Entries supplied>
--- START ---
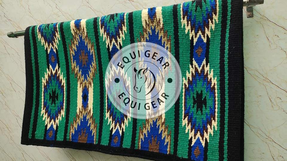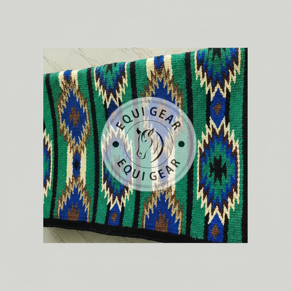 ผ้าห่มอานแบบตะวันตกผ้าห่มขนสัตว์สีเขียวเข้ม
--- END ---
--- START ---
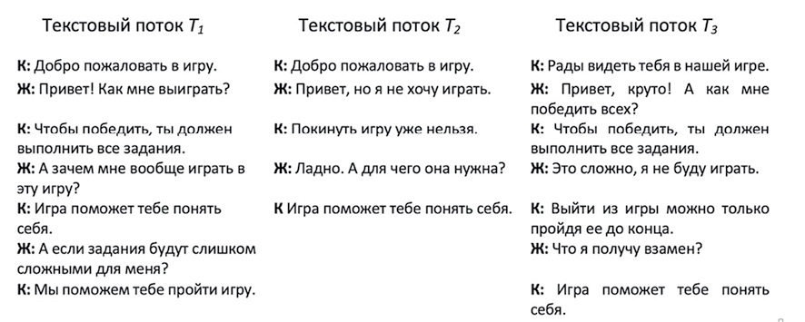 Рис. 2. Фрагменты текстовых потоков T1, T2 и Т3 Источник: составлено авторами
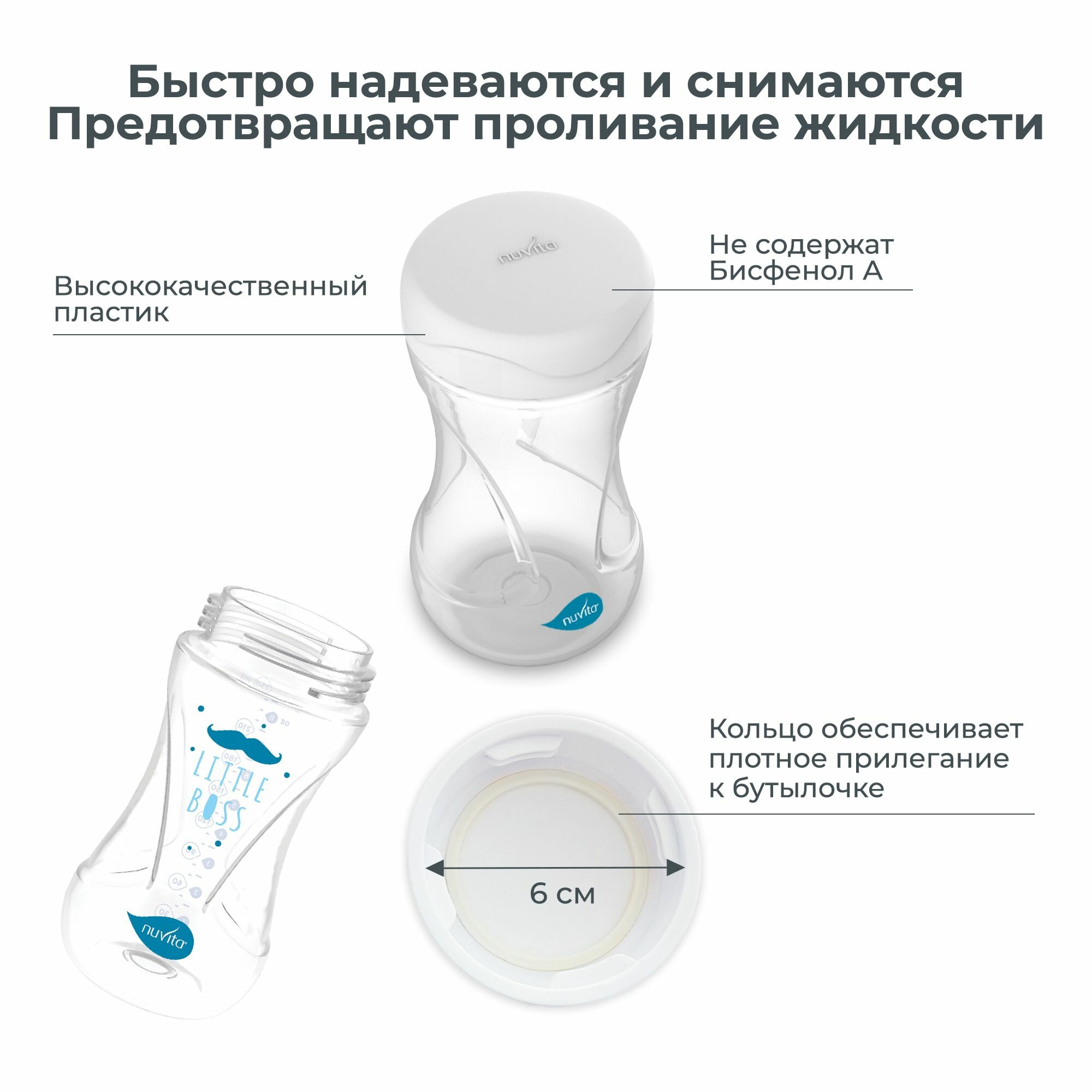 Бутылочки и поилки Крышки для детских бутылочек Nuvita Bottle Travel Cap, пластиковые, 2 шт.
--- END ---
--- START ---
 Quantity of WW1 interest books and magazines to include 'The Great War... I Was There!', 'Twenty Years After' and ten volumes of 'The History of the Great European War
--- END ---
After locating "Рис. 2. Фрагменты" and "Бутылочки и поилки" in the records above, return exactly the line holding each one and every line between them; leave out the pictures.

 Рис. 2. Фрагменты текстовых потоков T1, T2 и Т3 Источник: составлено авторами
 Бутылочки и поилки Крышки для детских бутылочек Nuvita Bottle Travel Cap, пластиковые, 2 шт.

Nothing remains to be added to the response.